# Complete Guide to the Covered Call: From Start to Finish



## Kunal of HSM (21 September 2010)

*An Introduction: Clearing the foggy idea around the covered call.*

The ‘pitter-patter’ of the raindrops hitting the window sill as I type this sentence can’t even stop me from clearing the dark clouds surrounding the misconception of the covered call stock option strategy.

In my experience as a stock market option investor, and as a true enthusiast and student of stock market investing, the covered call is probably the most underestimated option strategy. Granted, it is probably the most well known stock option strategy – partly because it is often taught in introductory stock option courses to beginner investors. 

Unfortunately, it’s true potential is also overlooked, as many beginner investors are quick to dump the simple covered call to get in bed with the sexier stock option strategies that many websites often pump-up. But then, what is really that sexy about a strategy that can be repeatable, scalable, and often profitable (if done right)? Who wants that anyways?

I will keep this thread as an on-going conversation as I provide details of my own covered call experiences, conversations I have with other well-known covered call enthusiasts, and to dispel misconceptions that many beginner investors have with the covered call strategy.

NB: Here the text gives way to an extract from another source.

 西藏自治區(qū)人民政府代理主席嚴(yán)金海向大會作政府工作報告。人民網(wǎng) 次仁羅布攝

*Part 1.0: The most common way to use covered calls (and why it sucks)*

You know what? The covered call does suck. There, I said it. The reason being is that the way it is taught sucks, and the target audience who is learning this strategy is left with the sucky-results. Then, they get discouraged, trash-talk the whole covered call strategy, eagerly wanting to forget the experience in hopes of learning more advanced option topics, go through the school of hard knocks of losing more money, and then look to re-learn the basics of option trading, which should have been taught to them, correctly, from the beginning.

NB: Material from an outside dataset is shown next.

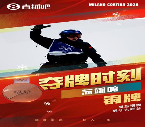 體育播報(bào)2月8日宣 米蘭冬奧會(huì)單板滑雪男子大跳臺(tái)決賽,蘇翊鳴總分168.5分獲得銅牌,為中國代表團(tuán)奪得本屆冬奧會(huì)...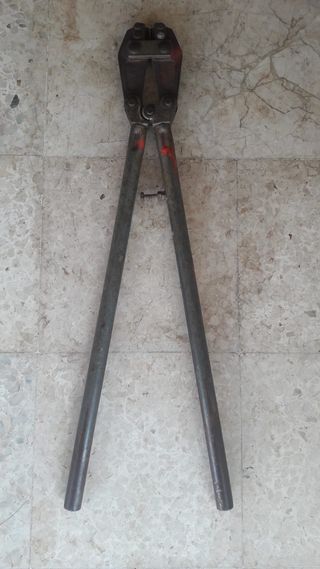 Cizalla cortapernos profesional de brazos largos (90-100 cm aprox.). Herramienta de alta capacidad para corte de varillas de acero, pernos y barras corrugadas hasta 10-12 mm de diámetro. Estado funcional correcto con desgaste normal de uso. Cuchillas de corte robustas y mangos de metal resistentes. Ideal para construcción, obras y trabajos de herrería que requieran mayor fuerza de corte.

The way most beginners are taught to think about the covered call strategy is to think of it in terms of getting monthly rental payments as a real estate landlord – a nice fat cheque paid on every month, on time. While there is a lot of truth in this analogy, as that really is the best way to describe the covered call method in a plain-vanilla, relatable, down-to-earth manner, this explanation leaves a LOT of information out. I can name two exclusions just off the top of my head:

1.	A covered call CAPS your gains. Do you remember the reason why you bought your shares in the first place? I’m guessing it’s because you actually LIKE the company. So why would you shoot yourself in the foot by capping the gains, just to make monthly income which could be just a fraction of potential gains that you miss out (and really, should be entitled to) if your stock goes through a high momentum bull run? 

2.	The covered call SHOULD NOT be your number one choice of protecting your portfolio: I laugh. No, I literally laugh when I read how people use covered calls to “protect” their portfolios. Yes, there are ways to use the covered calls as hedges, but the way most people are taught to sell covered calls (out of the money strikes, at best, at the money strikes) is a pathetic excuse of a hedging tactic. 

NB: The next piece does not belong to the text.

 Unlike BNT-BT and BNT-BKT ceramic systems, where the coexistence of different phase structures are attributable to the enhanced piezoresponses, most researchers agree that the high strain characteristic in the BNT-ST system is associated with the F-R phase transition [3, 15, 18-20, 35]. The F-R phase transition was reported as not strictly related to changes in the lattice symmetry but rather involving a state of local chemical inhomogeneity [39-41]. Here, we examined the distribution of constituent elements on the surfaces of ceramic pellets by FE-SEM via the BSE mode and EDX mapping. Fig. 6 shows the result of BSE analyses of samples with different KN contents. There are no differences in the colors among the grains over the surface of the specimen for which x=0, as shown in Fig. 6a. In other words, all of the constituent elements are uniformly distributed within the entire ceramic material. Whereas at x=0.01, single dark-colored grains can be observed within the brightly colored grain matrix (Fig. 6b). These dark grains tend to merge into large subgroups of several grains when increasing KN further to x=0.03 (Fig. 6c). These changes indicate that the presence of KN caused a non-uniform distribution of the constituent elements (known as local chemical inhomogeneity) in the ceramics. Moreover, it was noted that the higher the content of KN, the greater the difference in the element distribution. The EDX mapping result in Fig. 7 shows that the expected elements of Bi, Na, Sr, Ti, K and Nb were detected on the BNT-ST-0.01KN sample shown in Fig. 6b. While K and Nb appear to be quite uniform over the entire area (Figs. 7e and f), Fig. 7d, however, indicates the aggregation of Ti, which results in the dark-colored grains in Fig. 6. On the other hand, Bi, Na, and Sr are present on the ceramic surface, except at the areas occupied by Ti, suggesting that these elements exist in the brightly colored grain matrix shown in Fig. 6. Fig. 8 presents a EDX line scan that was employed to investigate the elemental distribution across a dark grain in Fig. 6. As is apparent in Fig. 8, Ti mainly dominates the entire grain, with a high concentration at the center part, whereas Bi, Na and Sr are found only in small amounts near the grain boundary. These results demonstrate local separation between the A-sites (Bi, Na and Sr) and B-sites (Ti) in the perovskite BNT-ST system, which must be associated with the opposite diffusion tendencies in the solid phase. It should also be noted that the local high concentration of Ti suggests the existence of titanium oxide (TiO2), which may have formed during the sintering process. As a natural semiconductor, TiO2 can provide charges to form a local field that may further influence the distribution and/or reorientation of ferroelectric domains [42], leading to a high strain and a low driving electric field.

Let’s just get technical for a second. Whenever you sell a covered call option, you must own at least 100 shares, right? 100 shares = ability to sell 1 call option. For this example, we’ll assume you have 100 shares of a stock that we’ll call, “HelloStockMarket”, just for kicks. 

Rule of thumb: the at-the-money front month call option has a delta of 0.50.

You own 100 shares, each share has a delta of 0.01, so owning 100 shares gives you 1.00

Doing the quick math, you’ll notice you leave your stock portfolio exposed 0.50. This is NOT an efficient hedge! 

And this, usually, is the best case scenario, as most covered call books teach you to sell out-of-the-money call strikes (so that you can get that time value depreciation). 

So, you’re thinking, “Kunal, then, what is the solution?”

Coming in Part 2.0! Stay tuned. By the way, I will try to update this thread twice a week, but because I work a fulltime job, it may be once a week. So maybe bookmark it if you would like.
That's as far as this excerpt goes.